In allegato la lettera inviata al Direttore USR

Lamezia Terme -

Il 24 giugno scorso, La Confederazione regionale dell’Unione Sindacale di Base, aveva inviato ai componenti delle Commissioni dei Gruppi H provinciali e all’Ufficio Scolastico Regionale, una nota in cui aveva chiesto un intervento per l’incremento dei posti di sostegno da mettere a disposizione per il prossimo anno, suggerendo anche quali strade intraprendere per arrivare a questo obiettivo.


Nessuna risposta ci è arrivata; non solo, ma l’Ufficio Scolastico Regionale il 2 agosto ha indetto una riunione per discutere dell’argomento, “dimenticando” di convocare proprio la U.S.B. RdB- P.I. e anzi mettendo alla porta la delegazione del sindacato che si era autoconvocata.

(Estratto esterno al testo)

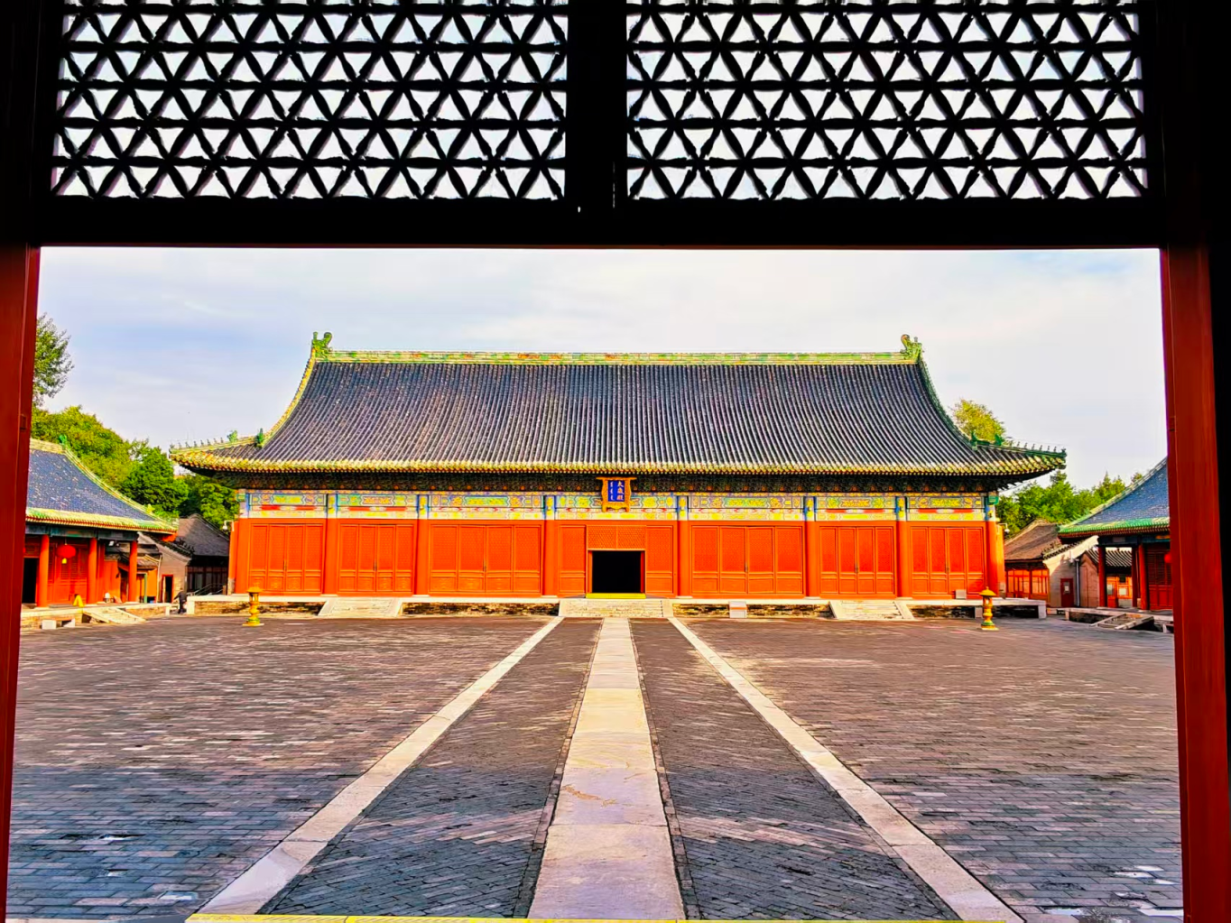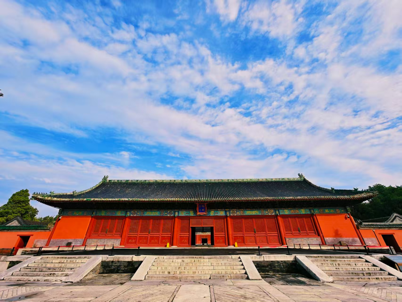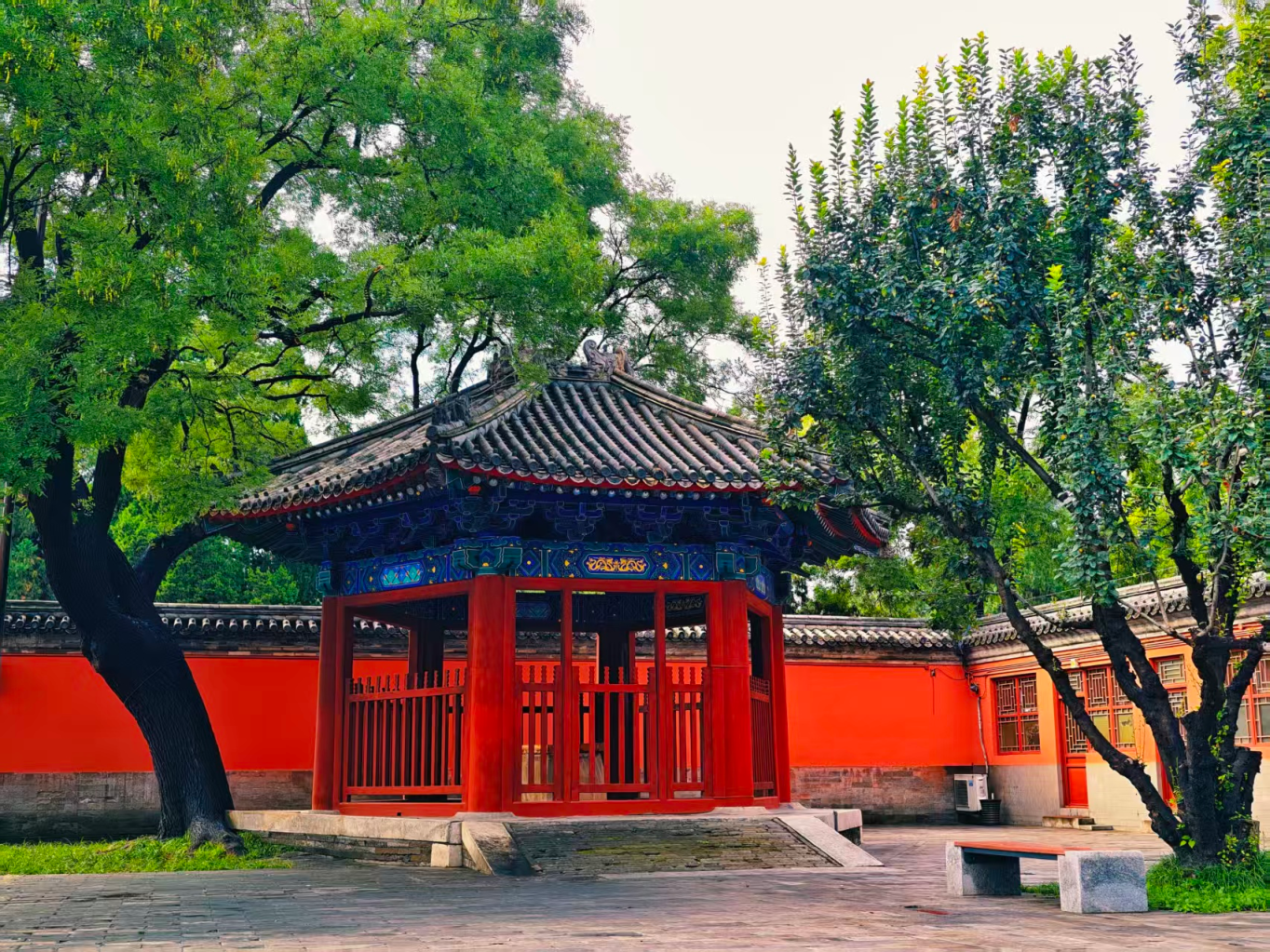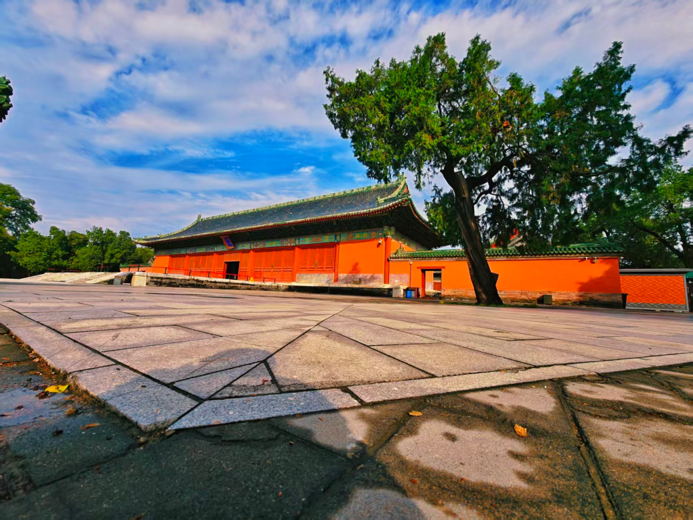 10月11日,北京雨后初晴,碧空如洗,白云悠悠。北京古代建筑博物馆巍峨矗立,朱墙黄瓦耀金辉,斗拱飞檐破云霄,尽显磅礴大气。

Troviamo gravissimo che proprio l’unico sindacato che ha dimostrato di avere argomentazioni valide e proposte concrete sull’argomento in discussione, sia stato escluso dal tavolo in modo assolutamente antidemocratico.


E’ evidente che esiste un meccanismo collaudato tra Direzione scolastica e sindacati concertativi, per discutere le cose nel chiuso delle stanze senza mai allargare il confronto ad un sindacato scomodo e conflittuale come il nostro, che ha dimostrato in ogni occasione di avere tante cose da dire.


In un momento in cui la scuola calabrese ha visto ridotti i propri organici di oltre 2.400 unità tra personale docente e personale ATA, la Confederazione USB non può più consentire che ciò accada.


Nella riunione dell’altro giorno si è parlato di numeri, ma ci si è dimenticati di parlare dei disagi, degli alunni con handicap, delle famiglie, dei docenti messi alla porta.


Lo smantellamento della scuola pubblica è dovuto non solo alle decisioni dei governi che si sono succeduti, ma anche alla passiva complicità di quei sindacati che hanno dimostrato negli anni di avere a cuore ben altri interessi, rispetto a quelli dei lavoratori e delle famiglie che mandano i propri figli a scuola.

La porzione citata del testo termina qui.